▸ WHAT YOU ARE ASKED TO DO
Set down exactly the lines below, starting at the one that contains "Escape to Oceanwalk" and ending at the one that contains "Selamat datang di", with both of those lines included and nothing else.

▸ EXERCISE MATERIAL
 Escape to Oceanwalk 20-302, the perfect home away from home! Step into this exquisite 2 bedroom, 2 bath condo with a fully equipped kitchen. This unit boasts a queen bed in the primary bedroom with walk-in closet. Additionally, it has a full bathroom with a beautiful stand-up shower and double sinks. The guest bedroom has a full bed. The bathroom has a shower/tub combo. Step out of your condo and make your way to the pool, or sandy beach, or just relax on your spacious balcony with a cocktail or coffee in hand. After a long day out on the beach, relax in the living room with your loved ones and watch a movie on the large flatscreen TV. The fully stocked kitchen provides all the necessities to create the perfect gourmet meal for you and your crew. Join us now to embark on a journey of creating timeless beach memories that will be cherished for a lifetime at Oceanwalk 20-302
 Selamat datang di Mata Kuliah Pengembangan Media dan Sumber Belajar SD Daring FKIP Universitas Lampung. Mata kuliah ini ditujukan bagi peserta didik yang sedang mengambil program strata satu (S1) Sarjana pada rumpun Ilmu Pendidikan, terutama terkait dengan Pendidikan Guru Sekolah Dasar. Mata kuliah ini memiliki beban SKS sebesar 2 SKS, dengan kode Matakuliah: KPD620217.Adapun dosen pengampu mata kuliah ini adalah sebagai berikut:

...

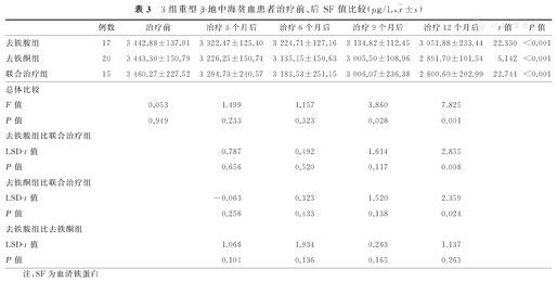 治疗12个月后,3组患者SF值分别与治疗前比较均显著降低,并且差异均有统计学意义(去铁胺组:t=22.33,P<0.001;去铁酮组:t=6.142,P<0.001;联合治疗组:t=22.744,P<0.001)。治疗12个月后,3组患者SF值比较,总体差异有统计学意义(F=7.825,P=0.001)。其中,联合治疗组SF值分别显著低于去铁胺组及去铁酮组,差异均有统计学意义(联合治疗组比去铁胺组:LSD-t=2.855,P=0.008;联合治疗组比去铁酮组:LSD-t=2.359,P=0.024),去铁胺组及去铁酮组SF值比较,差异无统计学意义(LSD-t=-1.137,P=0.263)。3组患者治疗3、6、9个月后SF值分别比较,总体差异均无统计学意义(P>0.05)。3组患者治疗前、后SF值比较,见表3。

==

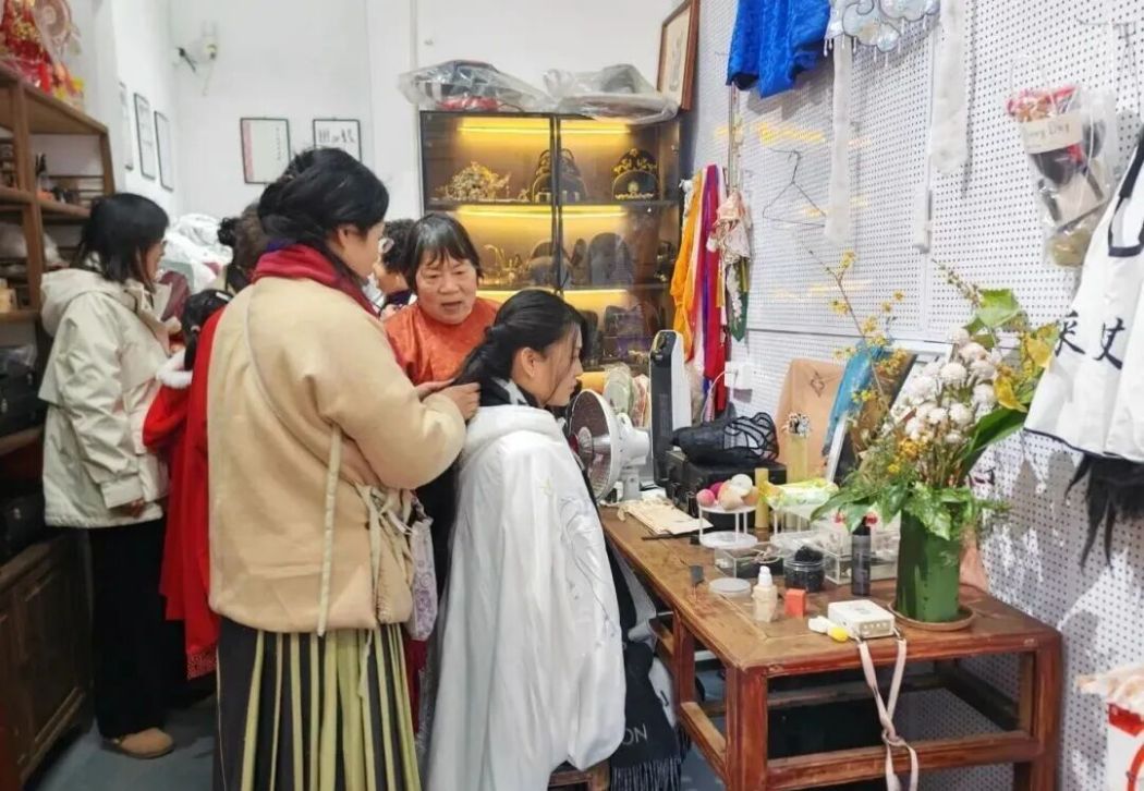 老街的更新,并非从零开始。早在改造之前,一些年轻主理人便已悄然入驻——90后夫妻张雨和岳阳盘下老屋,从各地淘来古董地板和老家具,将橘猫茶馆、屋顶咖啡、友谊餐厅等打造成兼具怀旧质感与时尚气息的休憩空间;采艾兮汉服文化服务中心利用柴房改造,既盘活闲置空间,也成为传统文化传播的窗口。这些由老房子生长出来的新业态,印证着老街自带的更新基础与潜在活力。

▸ REPLY TO THE TASK
 Escape to Oceanwalk 20-302, the perfect home away from home! Step into this exquisite 2 bedroom, 2 bath condo with a fully equipped kitchen. This unit boasts a queen bed in the primary bedroom with walk-in closet. Additionally, it has a full bathroom with a beautiful stand-up shower and double sinks. The guest bedroom has a full bed. The bathroom has a shower/tub combo. Step out of your condo and make your way to the pool, or sandy beach, or just relax on your spacious balcony with a cocktail or coffee in hand. After a long day out on the beach, relax in the living room with your loved ones and watch a movie on the large flatscreen TV. The fully stocked kitchen provides all the necessities to create the perfect gourmet meal for you and your crew. Join us now to embark on a journey of creating timeless beach memories that will be cherished for a lifetime at Oceanwalk 20-302
 Selamat datang di Mata Kuliah Pengembangan Media dan Sumber Belajar SD Daring FKIP Universitas Lampung. Mata kuliah ini ditujukan bagi peserta didik yang sedang mengambil program strata satu (S1) Sarjana pada rumpun Ilmu Pendidikan, terutama terkait dengan Pendidikan Guru Sekolah Dasar. Mata kuliah ini memiliki beban SKS sebesar 2 SKS, dengan kode Matakuliah: KPD620217.Adapun dosen pengampu mata kuliah ini adalah sebagai berikut:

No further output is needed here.